Instructions for the task: Repeat the listing verbatim. Drop any pictures.

Material provided:
##############################
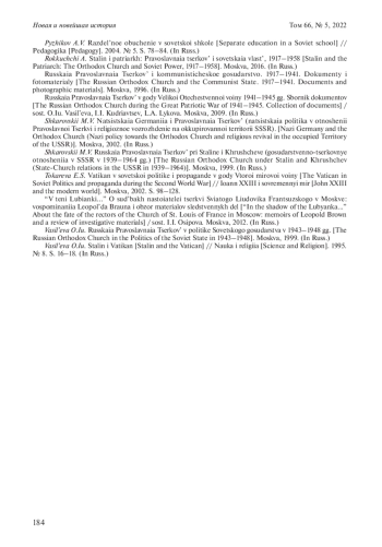 6. Васильева О.Ю. Русская Православная Церковь в политике Советского государства в 1943-1948 гг. М., 1999. EDN: WGWDZV
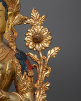 Green Tara Gold Gilded Oxidized Statue | Handcrafted Symbol of Compassion
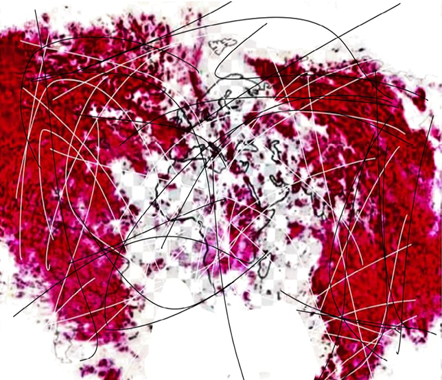 pintei o cu de rosa e sentei no branco. a coisa se faz e revela, meu cu ficou no centro e o mapa-mundi surgiu. era justamente esse lugar que eu queria experimentar por um instante. ser central num mundo a partir do meu cu rosa. voltar pro meu cu a atenção, gozar com o poder de não temer a partir da segurança que o centro me oferece.
##############################
Response to this exercise:
 6. Васильева О.Ю. Русская Православная Церковь в политике Советского государства в 1943-1948 гг. М., 1999. EDN: WGWDZV
 Green Tara Gold Gilded Oxidized Statue | Handcrafted Symbol of Compassion
 pintei o cu de rosa e sentei no branco. a coisa se faz e revela, meu cu ficou no centro e o mapa-mundi surgiu. era justamente esse lugar que eu queria experimentar por um instante. ser central num mundo a partir do meu cu rosa. voltar pro meu cu a atenção, gozar com o poder de não temer a partir da segurança que o centro me oferece.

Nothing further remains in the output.